◆ **RECORDED DATA**
·····

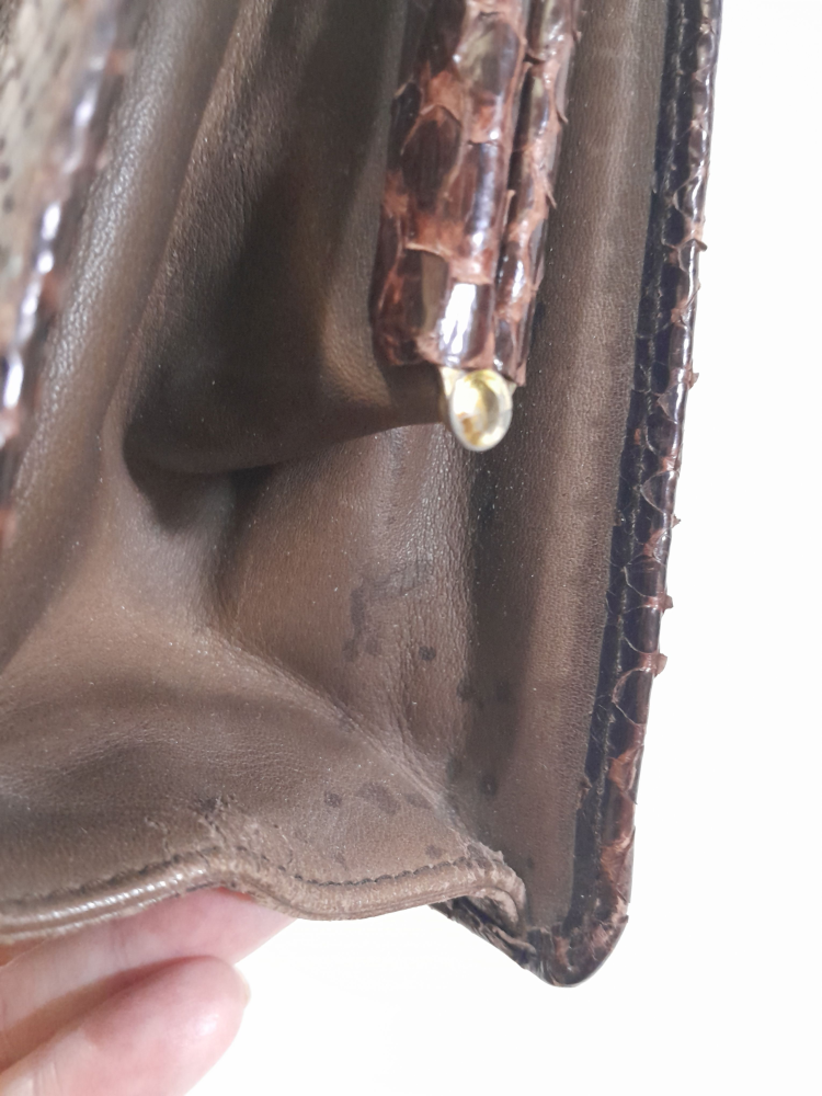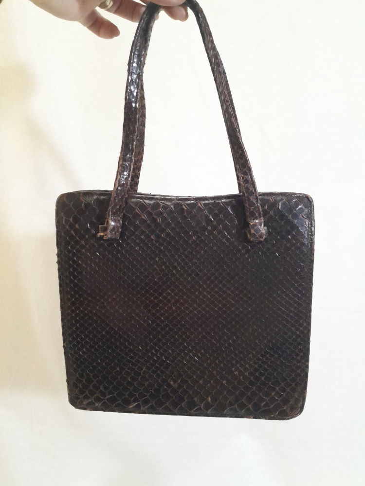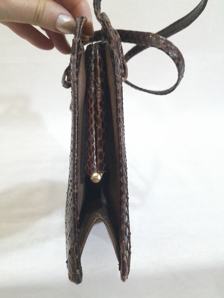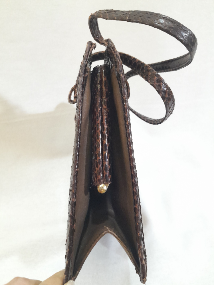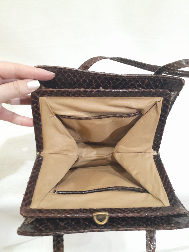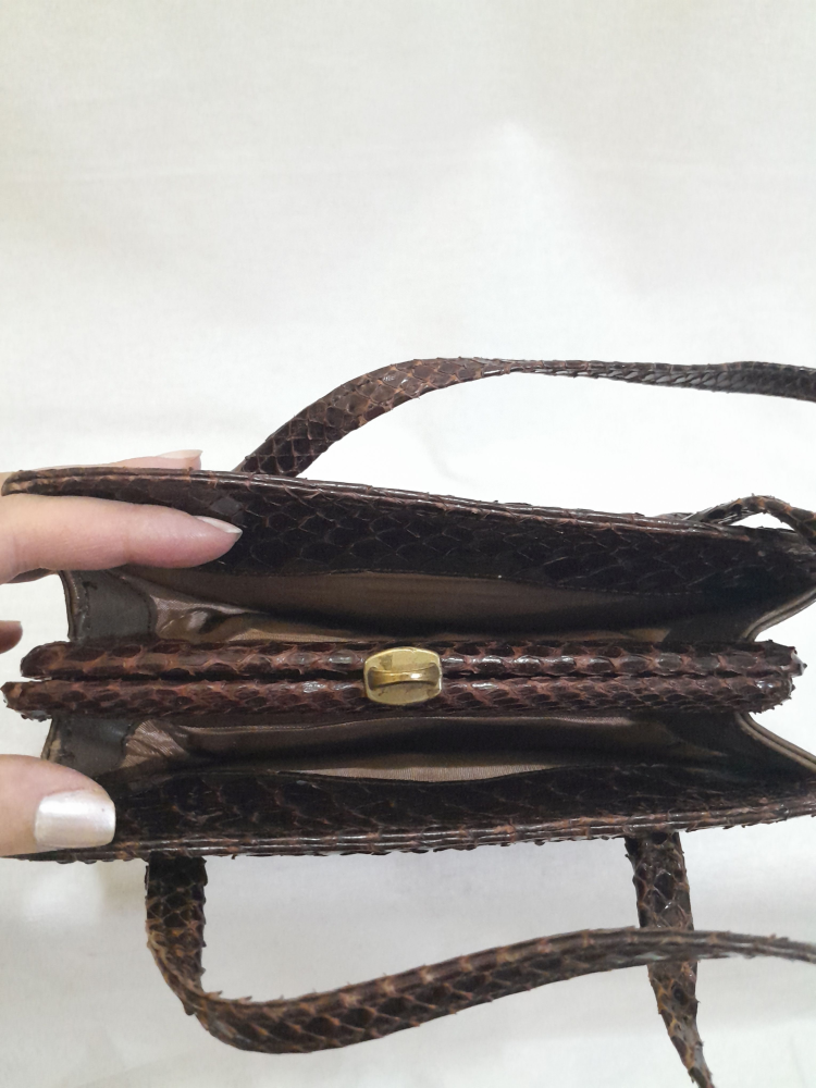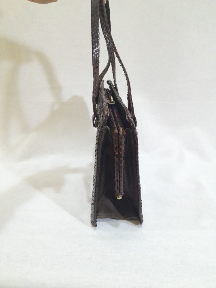 Poseta vintage anii 60 din piele exotică ( șarpe ) , maro inchis
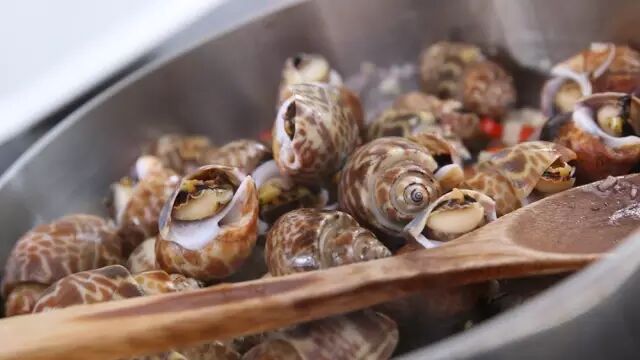 花螺(新鲜或急冻) 1公斤 / 朝天椒 2-3只 / 蒜头 4瓣 / 干葱 3粒 / 鸡汤 500毫升
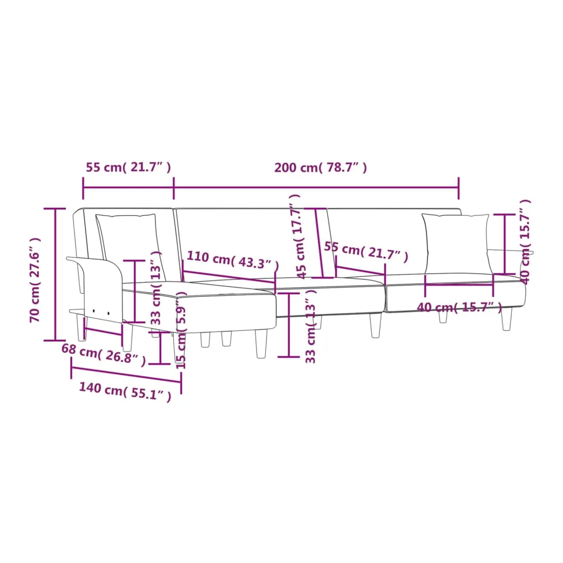 Ce canapé-lit en forme de L est parfait pour accueillir des invités pendant la nuit tout en offrant un espace confortable pour s'asseoir pendant la journée. Canapé-lit multifonctionnel : le canapé-lit est un choix judicieux pour les espaces limités. Il possède 3 positions convertibles pour s'asseoir, se prélasser et dormir, donc il peut être un canapé-lit inclinable confortable pour un usage quotidien ou un lit temporaire pour les invités.Tissu durable : le tissu présente un aspect simple et épuré, et il est respirant et durable.Cadre robuste et stable : le cadre en contreplaqué du canapé-lit assure robustesse et stabilité.Expérience d'assise confortable : doté d'un revêtement en tissu enveloppant une mousse haute densité, ce canapé-lit offre un endroit confortable et douillet pour s'asseoir et dormir. Ses accoudoirs et son dossier offrent également une détente supplémentaire. Remarque :Le produit est assemblé à côté d'un canapé-lit et d'une chaise longue. Vous pouvez mettre la chaise longue à droite ou à gauche selon vos préférences.

·····

◆ **WHAT THE EXERCISE ASKS**
Set down the whole listing word for word, omitting the pictures.

◆ **PROBLEM SOLUTION**
 Poseta vintage anii 60 din piele exotică ( șarpe ) , maro inchis
 花螺(新鲜或急冻) 1公斤 / 朝天椒 2-3只 / 蒜头 4瓣 / 干葱 3粒 / 鸡汤 500毫升
 Ce canapé-lit en forme de L est parfait pour accueillir des invités pendant la nuit tout en offrant un espace confortable pour s'asseoir pendant la journée. Canapé-lit multifonctionnel : le canapé-lit est un choix judicieux pour les espaces limités. Il possède 3 positions convertibles pour s'asseoir, se prélasser et dormir, donc il peut être un canapé-lit inclinable confortable pour un usage quotidien ou un lit temporaire pour les invités.Tissu durable : le tissu présente un aspect simple et épuré, et il est respirant et durable.Cadre robuste et stable : le cadre en contreplaqué du canapé-lit assure robustesse et stabilité.Expérience d'assise confortable : doté d'un revêtement en tissu enveloppant une mousse haute densité, ce canapé-lit offre un endroit confortable et douillet pour s'asseoir et dormir. Ses accoudoirs et son dossier offrent également une détente supplémentaire. Remarque :Le produit est assemblé à côté d'un canapé-lit et d'une chaise longue. Vous pouvez mettre la chaise longue à droite ou à gauche selon vos préférences.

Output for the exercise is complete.